Sarwar, O. - Presenter, Carnegie Mellon University
Sahinidis, N., Carnegie Mellon University
Building accurate linear models using high-dimensional, noisy data is a very challenging statistical task. Still, high-dimensional linear regression is popular because it leads to models that are easy to understand and simpler to fit than alternative methods. Subset selection (SS) is a methodology for constructing sparse linear regression models by either penalizing according to or constraining the number of variables selected in the model. Subset selection works by selecting a subset of potential regression variables to include into the regression model and calculating their coefficients using Ordinary Least Squares [1]. However, SS leads to model that fit the data poorly when there is a large amount of noise in the data. Research shows that applying shrinkage to the coefficients of variables selected by l0-regression greatly enhances the model's robustness in these scenarios [2]. Consequently, we propose the flexible Regularized Subsets framework that performs variable selection and coefficient shrinkage in two-stages: first using any subset selection to select variables, then using a convex penalty to shrink coefficients.
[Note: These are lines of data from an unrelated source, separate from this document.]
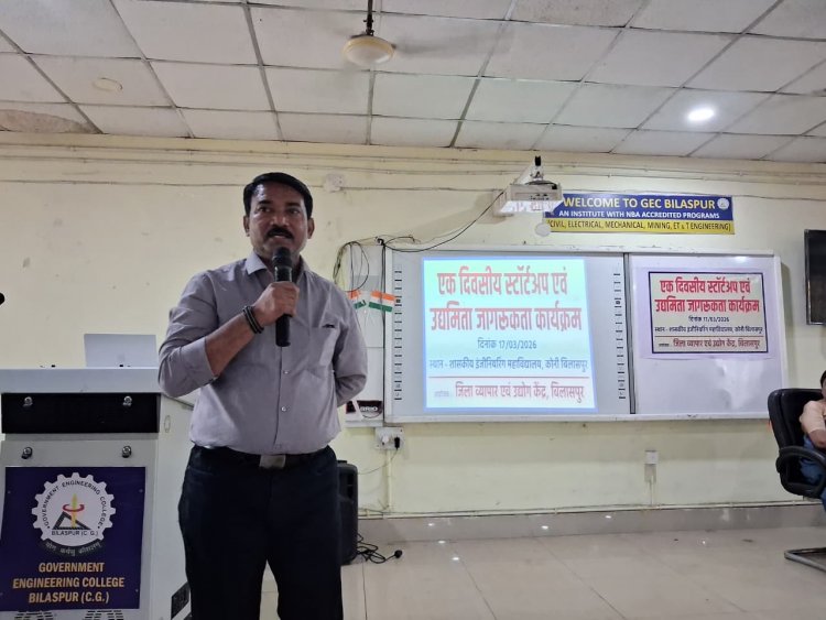 बिलासपुर : युवाओं को आत्मनिर्भरता और नवाचार की दिशा में अग्रसर करने के उद्देश्य से शासकीय इंजीनियरिंग महाविद्यालय, कोनी में एक दिवसीय “स्टार्टअप एवं उद्यमिता जागरूकता कार्यक्रम” का सफल आयोजन किया गया। कार्यक्रम जिला व्यापार एवं उद्योग केंद्र, बिलासपुर द्वारा उद्योग संचालनालय के अपर संचालक श्री संजय गजघाटे की अध्यक्षता में आयोजित हुआ।
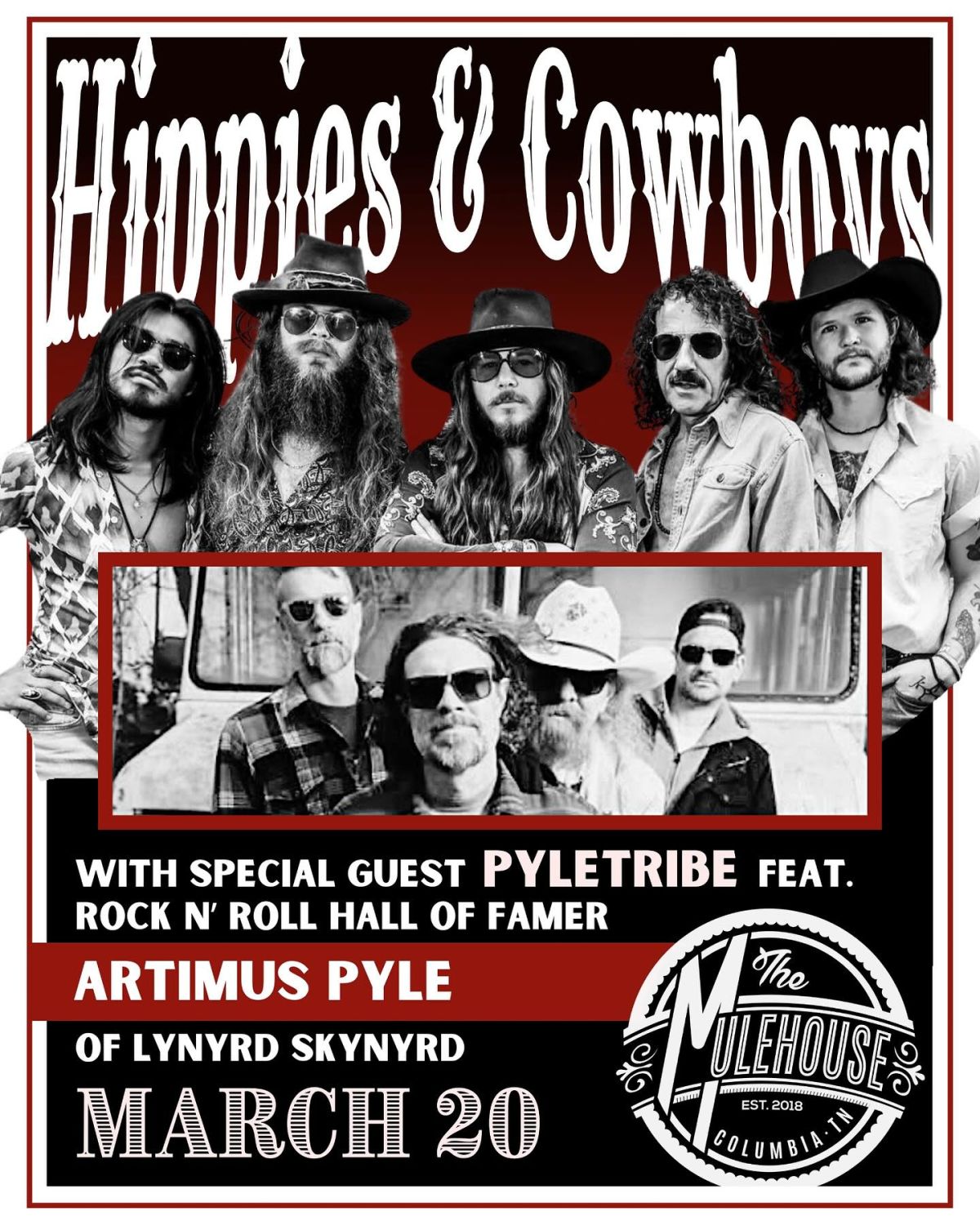 Hippies & Cowboys practically blew the roof off The Mulehouse when they hit the stage last year, so they're coming back for Round 2! This time, they'll bring PYLETRIBE feat. Lynyrd Skynyrd drummer & Rock & Roll Hall of Famer Artimus Pyle and his son Chris Pyle! Get ready for a high-octane evening of soulful southern rock and as the PYLETRIBE guys call it – "southern-fried tribal boogie"!!
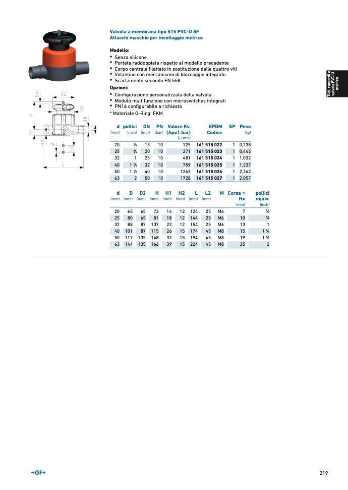 Valvola a membrana tipo 515 PVC-U S
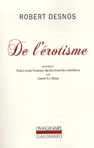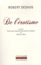 Dans ce court texte écrit en 1923 pour le collectionneur Jacques Doucet, Robert Desnos fait un état des lieux de la littérature érotique, ou plus particulièrement de la place de l'érotisme et de sa perception dans les écrits depuis l'Antiquité. Il va à l'encontre des conventions et propose une interprétation qui revient sur les légendes et autres préconçus, une interprétation " moderne " qui bouscule les conventions, comme le souligne le titre complet De l'érotisme, considéré dans ses manifestations écrites, et du point de vue de l'esprit moderne.
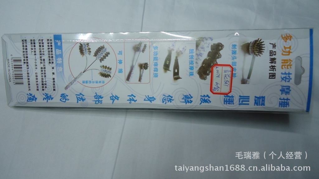 本成品:為手指按摩器。 多功能全身按摩捶,頭梳,不求人一體健身器。全新的設計能更好的與頭皮接觸刺激頭皮上的穴位,促進頭皮的血液循環起到通脈活血,強化新陳代謝的功效,長期使用能有效改善頭痛使你神清氣爽,實現保健和治療目的.
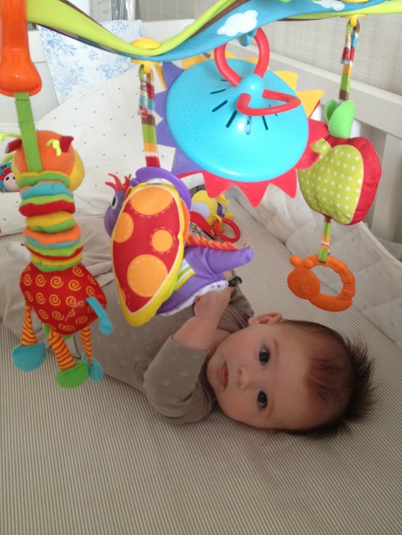 Теперь весь день переворачивается на спину, несколько минут кряхтит и дрыгает ручками-ножками, а потом начинает кричать. Не совсем, правда, понятно, что именно он в итоге хочет. Перевернешь назад на спину - ор продолжается. Не перевернешь - тоже недоволен. Приходится брать на ручки. Это срабатывает всегда))
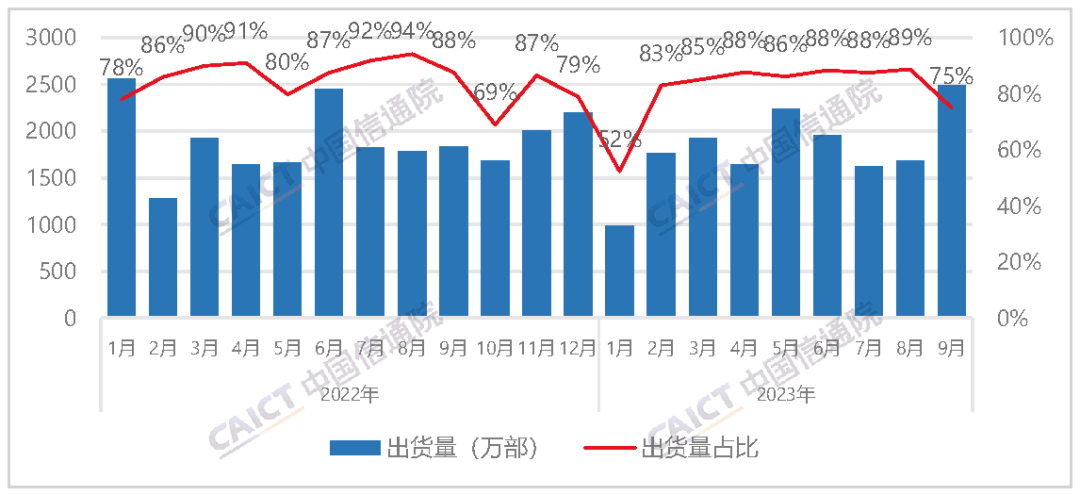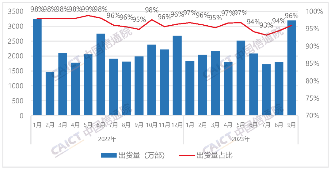 2023年9月,智能手机出货量3193.4万部,同比增长60.9%,占同期手机出货量的96.0%。2023年1-9月,智能手机出货量1.92亿部,同比增长0.3%,占同期手机出货量的95.6%。
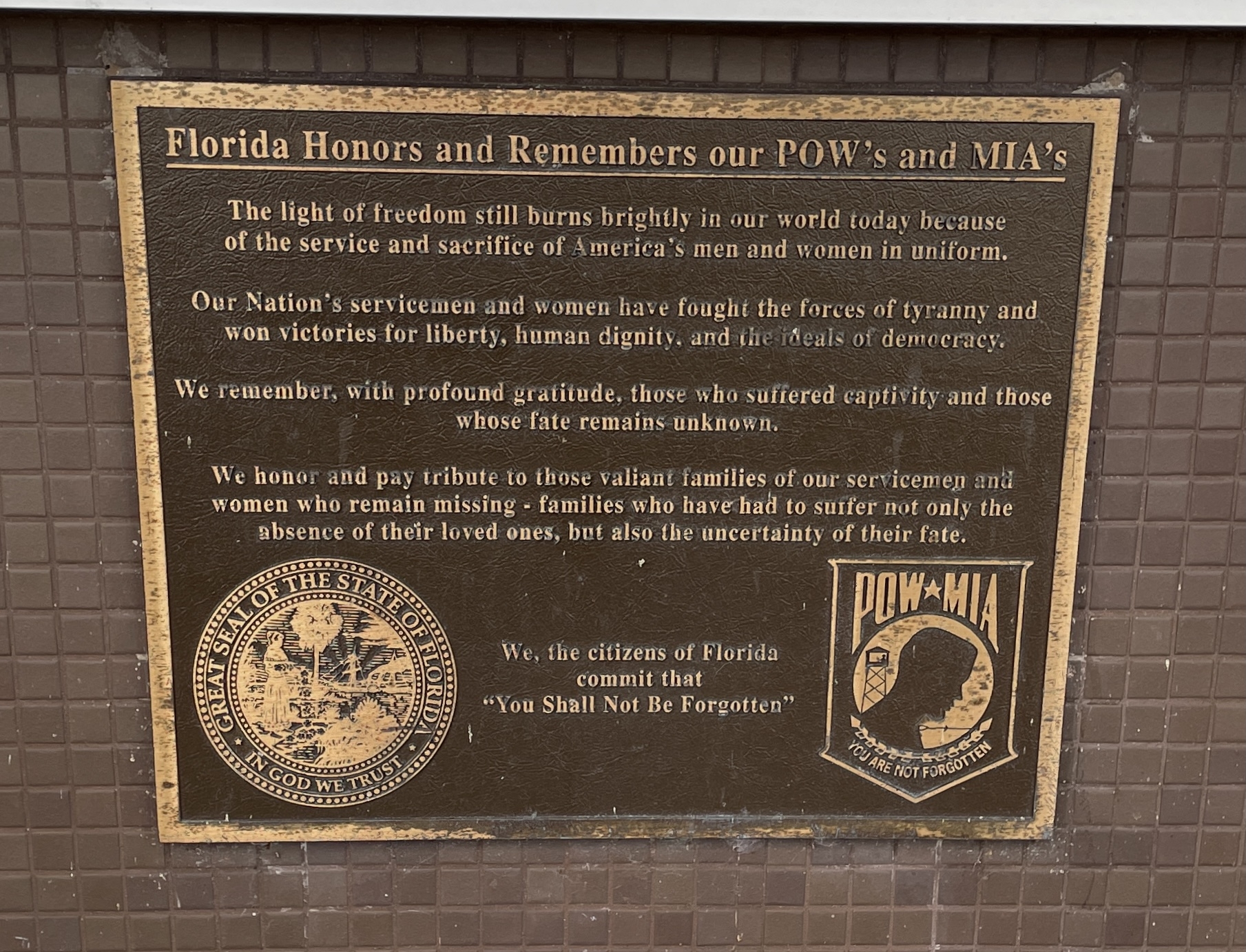 FLORIDA HONORS AND REMEMBERS OUR POW’S AND MIA’S MEMORIAL PLAQUE FORT PIERCE
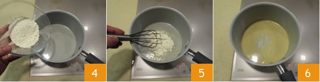depois, ao óleo aquecido, adicione a farinha em chuva 4, mexendo rapidamente com um batedor para evitar que se formem grumos 5. Deixe o composto dourar 6,
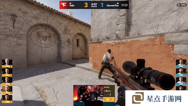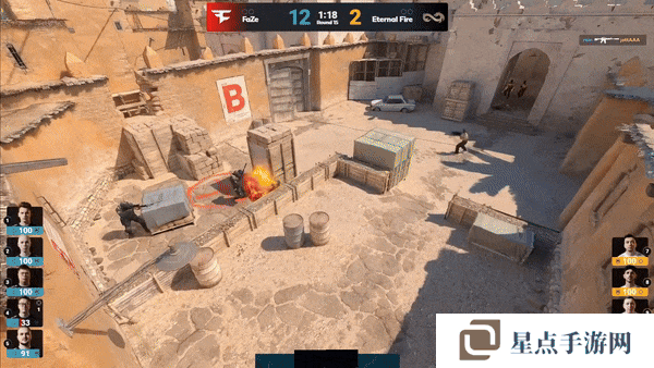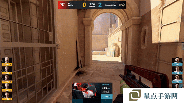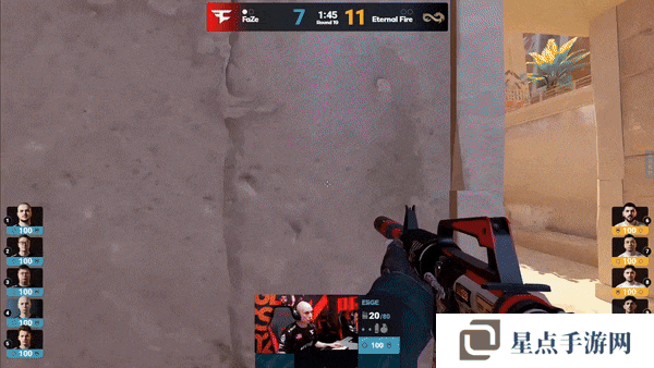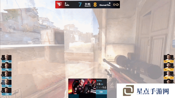 下半場攻守互換。EliGE中路先爆一人,frozen雙槍配合閃光連刷兩人,后續(xù)的B區(qū)進攻也被大表哥接住,下半場手槍局FaZe再次拿下。

Our experiments show that Regularized Subsets out-performs other popular linear model-building approaches in the literature for a variety of problem settings, including other approaches that use a convex regularization penalty in the context of subset selection. In addition, Regularized Subsets is able to build models from a candidate set of thousands of variables in seconds. We further demonstrate how the Regularized Subsets framework can easily be extended to handle linear equality and inequality constraints that allow users to incorporate prior knowledge into the model-building process. We show that our approach leads to significantly sparser models than the current most popular method for constrained linear regression--the Constrained Lasso [3]--with similar predictive performance. Finally, we provide our model building framework as an open-source tool.

[1] A Cozad, NV Sahinidis, DC Miller. Learning surrogate models for simulation-based optimization. AIChE Journal, 2016.
[2] O Sarwar, B Sauk, NV Sahinidis. A Discussion on Practical Considerations with Sparse Regression Methodologies. Statistical Science, 2020.
[3] BR Gaines, J Kim, H Zhou. Algorithms for fitting the Constrained Lasso. Journal of Computational and Graphical Statistics, 2018.